From the data below, return the exact lines starting at the line containing "Wednesday, September 24, 2025" and ending at the line containing "- Liiteri ja", both included, and nothing else.

Exercise materials:
=== Begin Enclosure ===
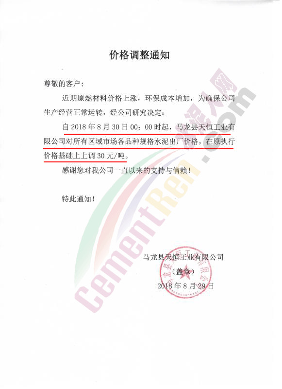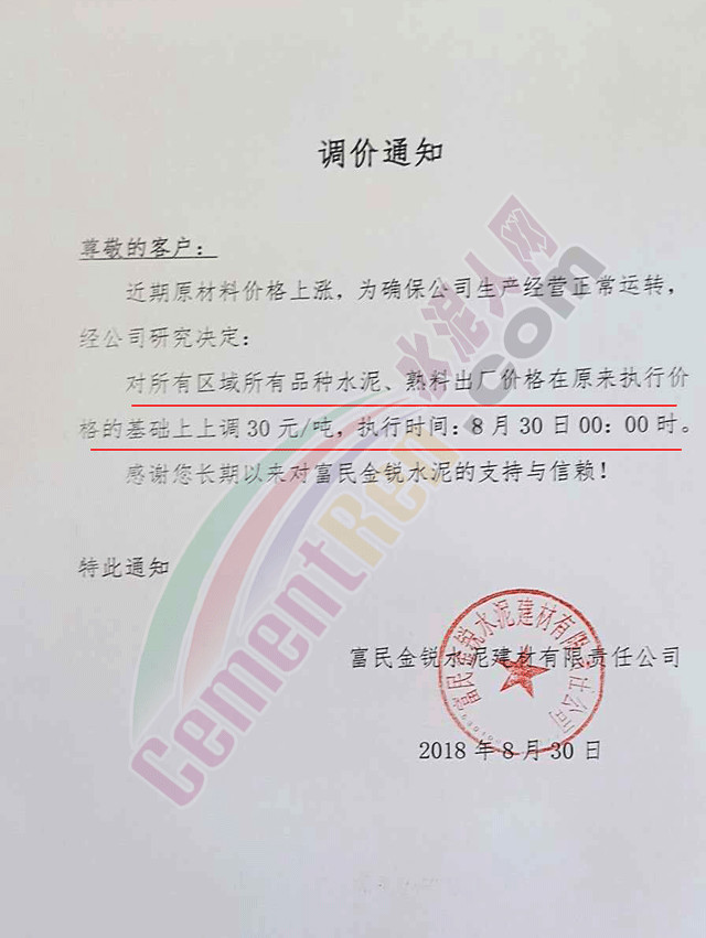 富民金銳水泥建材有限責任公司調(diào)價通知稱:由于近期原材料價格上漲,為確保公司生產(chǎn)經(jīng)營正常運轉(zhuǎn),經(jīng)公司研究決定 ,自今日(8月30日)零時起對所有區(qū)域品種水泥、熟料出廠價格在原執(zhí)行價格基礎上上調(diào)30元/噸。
=== End Enclosure ===
=== Begin Enclosure ===
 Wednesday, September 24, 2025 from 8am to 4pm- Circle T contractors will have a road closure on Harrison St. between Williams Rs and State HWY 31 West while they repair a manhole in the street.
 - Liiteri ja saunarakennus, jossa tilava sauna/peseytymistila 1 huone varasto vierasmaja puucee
=== End Enclosure ===
Written response:
 Wednesday, September 24, 2025 from 8am to 4pm- Circle T contractors will have a road closure on Harrison St. between Williams Rs and State HWY 31 West while they repair a manhole in the street.
 - Liiteri ja saunarakennus, jossa tilava sauna/peseytymistila 1 huone varasto vierasmaja puucee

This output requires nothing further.